RECORD EXTRACTS:
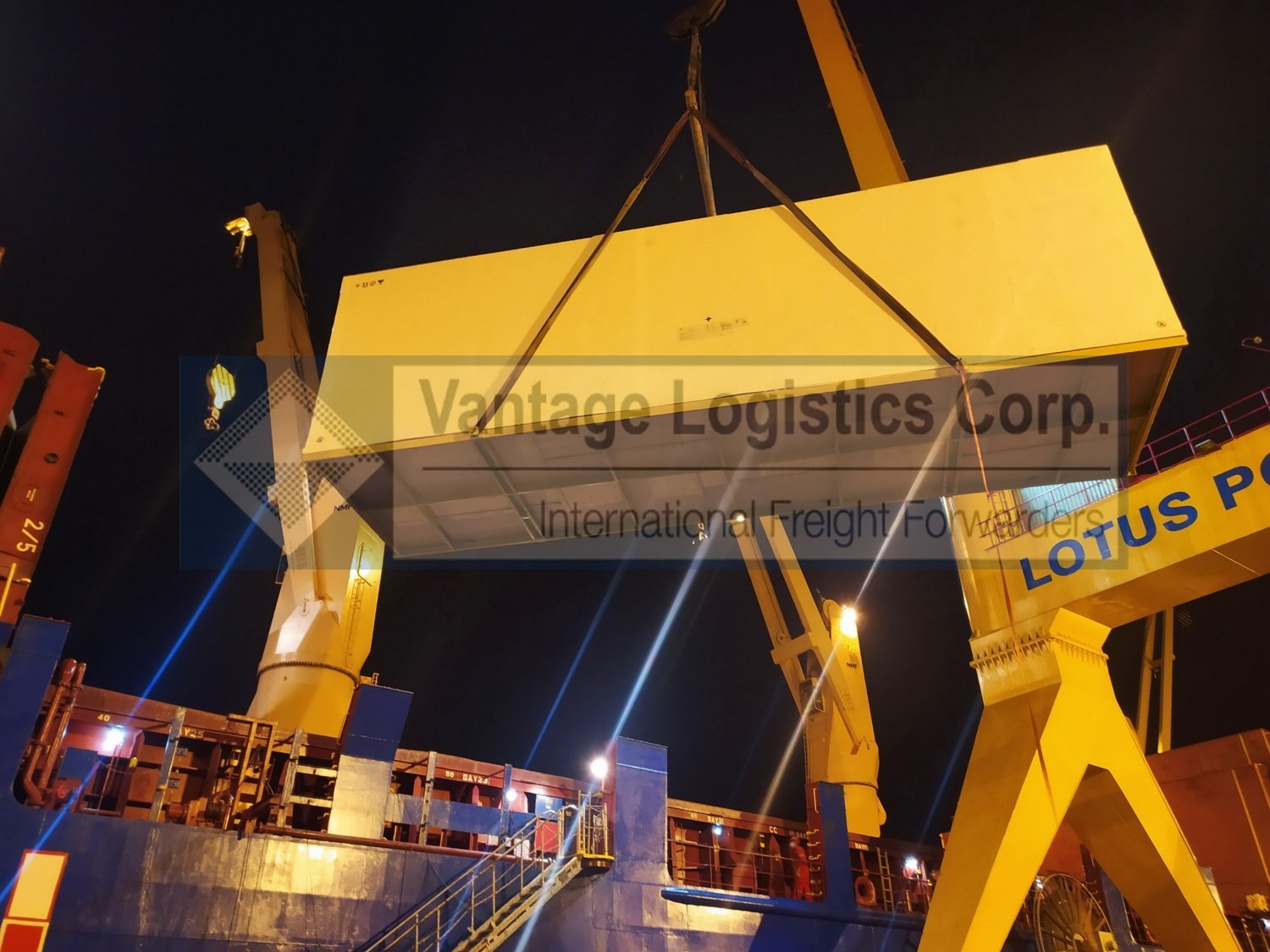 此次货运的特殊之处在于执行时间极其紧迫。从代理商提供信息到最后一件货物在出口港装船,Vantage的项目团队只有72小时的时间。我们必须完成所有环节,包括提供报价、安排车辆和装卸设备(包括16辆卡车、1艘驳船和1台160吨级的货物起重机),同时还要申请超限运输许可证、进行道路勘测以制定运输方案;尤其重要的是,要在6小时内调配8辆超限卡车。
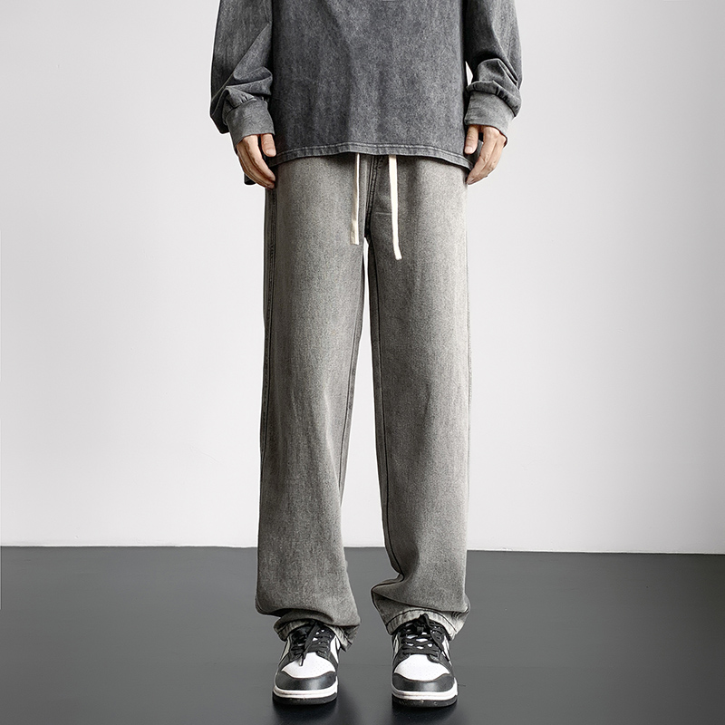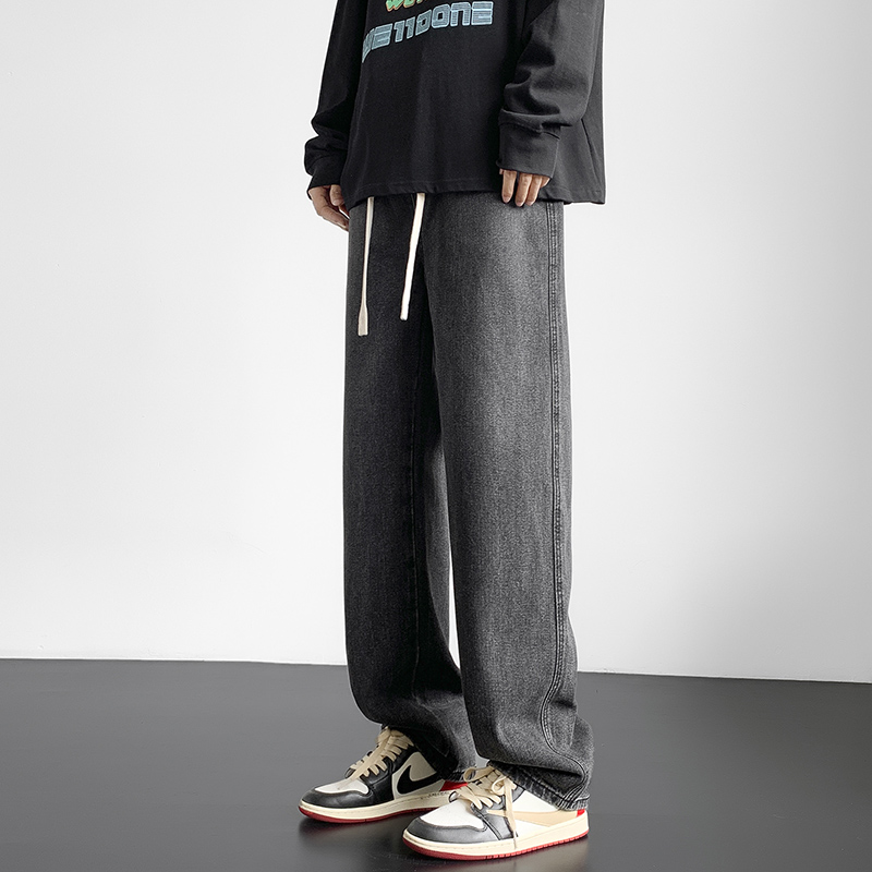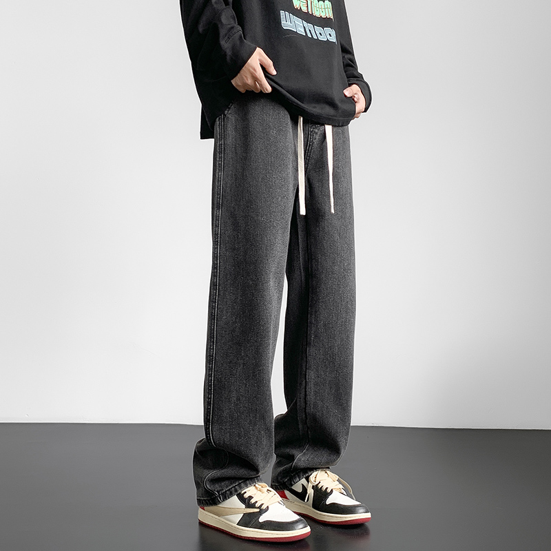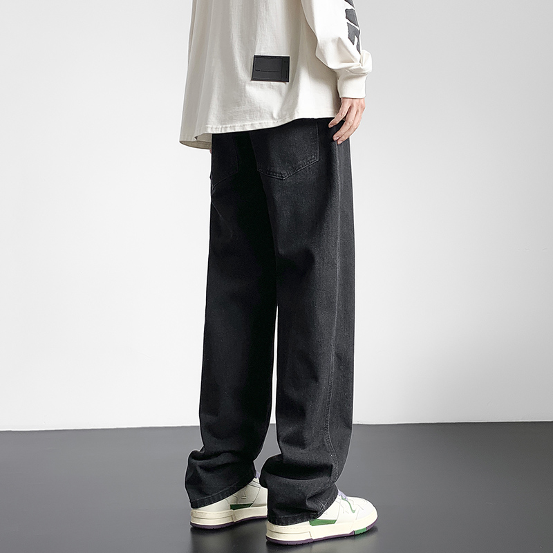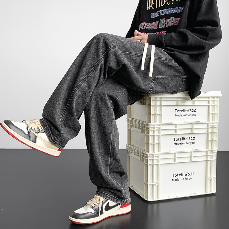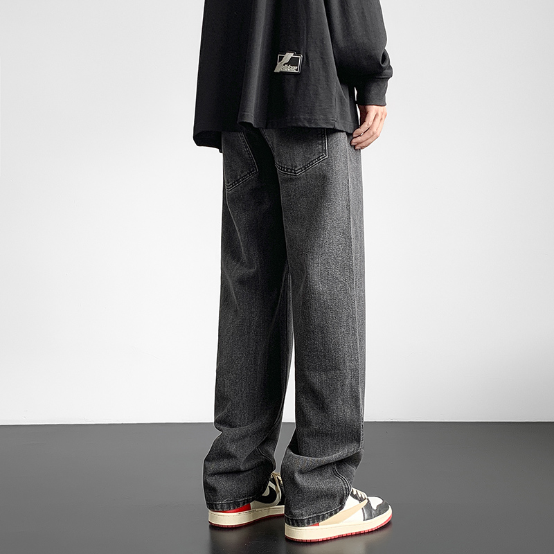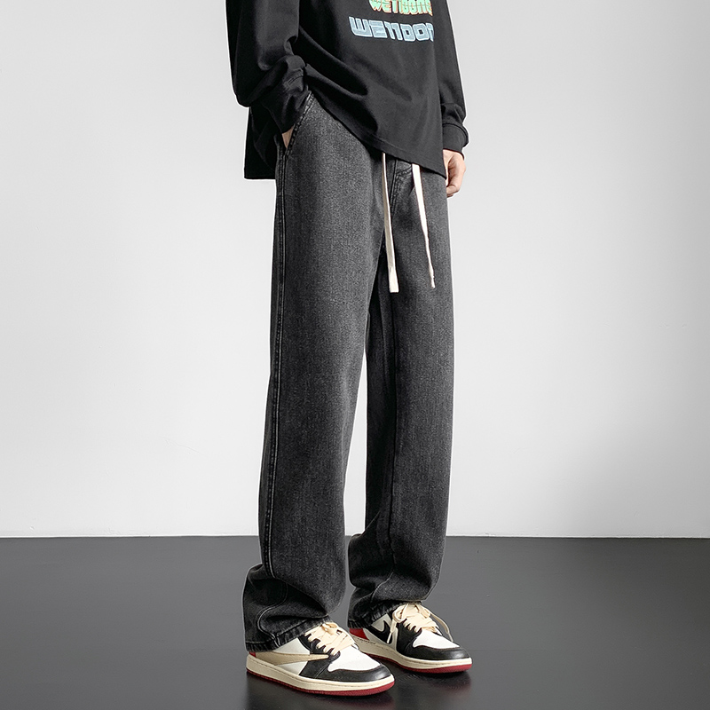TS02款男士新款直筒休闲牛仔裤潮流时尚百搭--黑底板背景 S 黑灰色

---

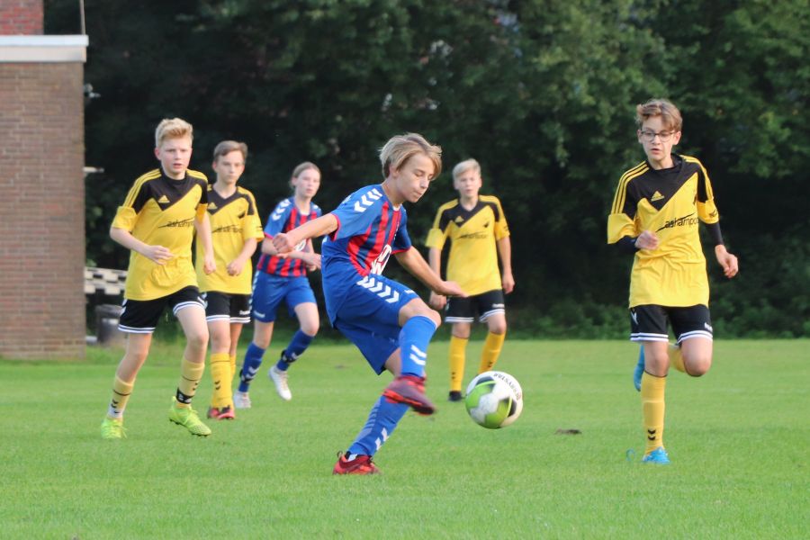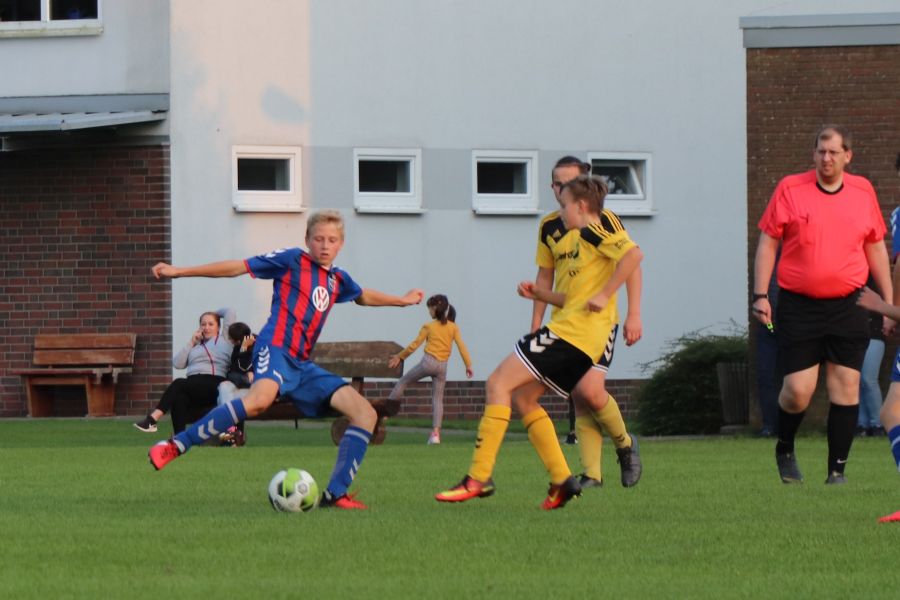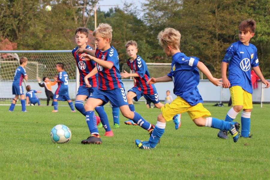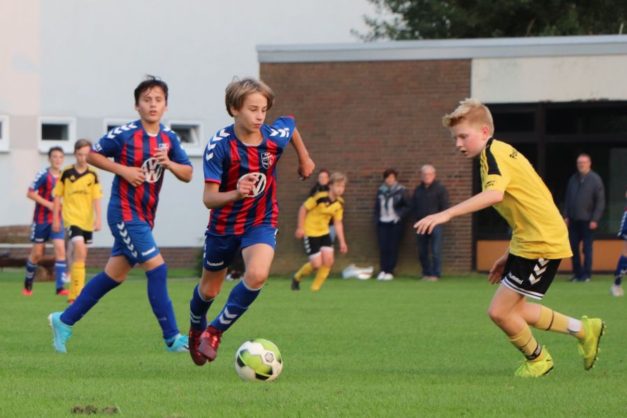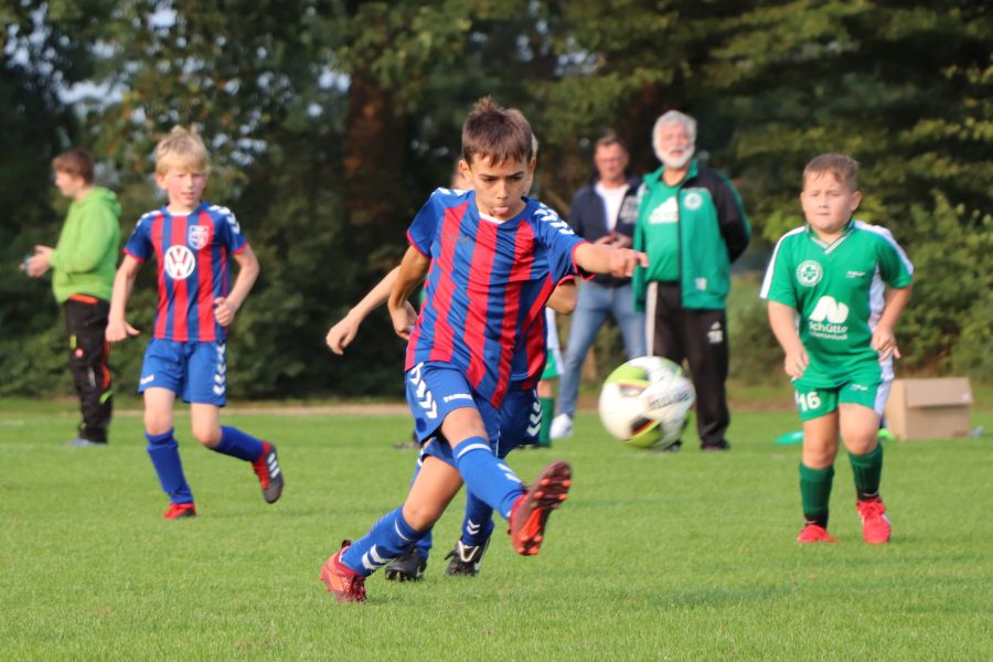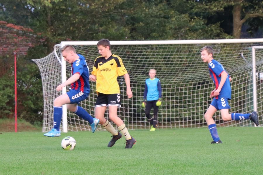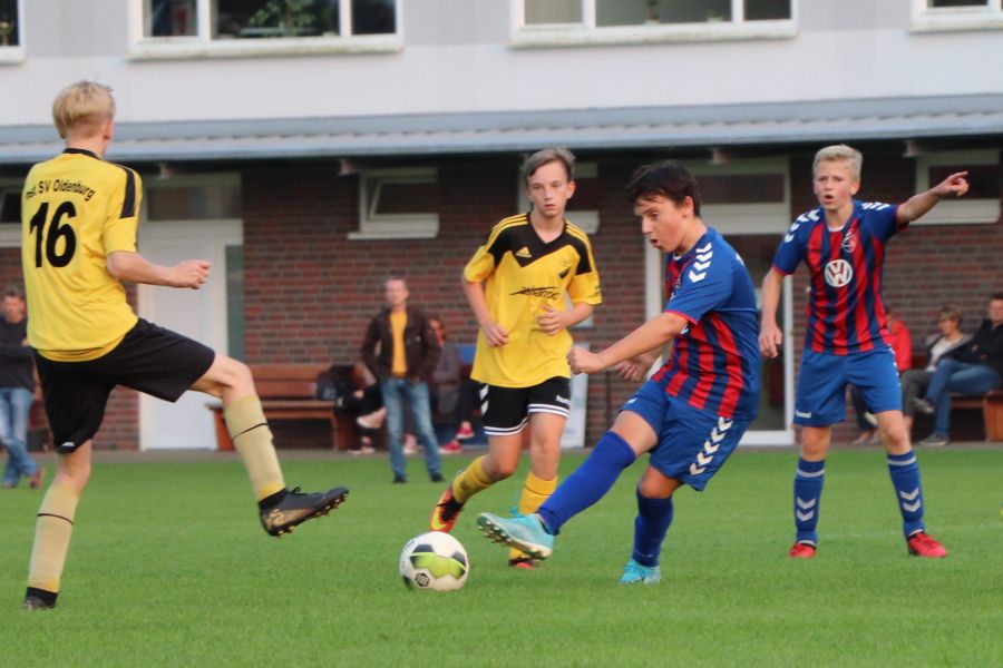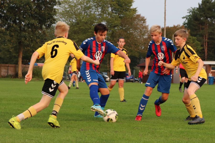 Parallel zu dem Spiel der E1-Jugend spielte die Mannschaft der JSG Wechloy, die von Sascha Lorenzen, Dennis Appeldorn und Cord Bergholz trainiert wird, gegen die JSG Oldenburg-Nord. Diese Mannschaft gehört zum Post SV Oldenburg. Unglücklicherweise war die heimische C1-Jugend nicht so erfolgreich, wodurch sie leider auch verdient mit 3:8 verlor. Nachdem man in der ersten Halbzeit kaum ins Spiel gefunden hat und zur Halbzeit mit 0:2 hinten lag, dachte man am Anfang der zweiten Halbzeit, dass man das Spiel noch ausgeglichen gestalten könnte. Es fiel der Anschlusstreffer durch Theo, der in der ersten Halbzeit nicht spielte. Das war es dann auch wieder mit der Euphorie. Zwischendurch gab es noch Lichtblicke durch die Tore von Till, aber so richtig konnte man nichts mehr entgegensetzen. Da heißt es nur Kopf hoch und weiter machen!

WHAT IS BEING ASKED: Skipping every picture, transcribe exactly the lines above from the one containing "此次货运的特殊之处在于执行时" through the one containing "TS02款男士新款直筒休闲牛仔裤潮流时尚百搭--黑底板背景 S 黑灰色", both included.

YOUR SOLUTION:
 此次货运的特殊之处在于执行时间极其紧迫。从代理商提供信息到最后一件货物在出口港装船,Vantage的项目团队只有72小时的时间。我们必须完成所有环节,包括提供报价、安排车辆和装卸设备(包括16辆卡车、1艘驳船和1台160吨级的货物起重机),同时还要申请超限运输许可证、进行道路勘测以制定运输方案;尤其重要的是,要在6小时内调配8辆超限卡车。
TS02款男士新款直筒休闲牛仔裤潮流时尚百搭--黑底板背景 S 黑灰色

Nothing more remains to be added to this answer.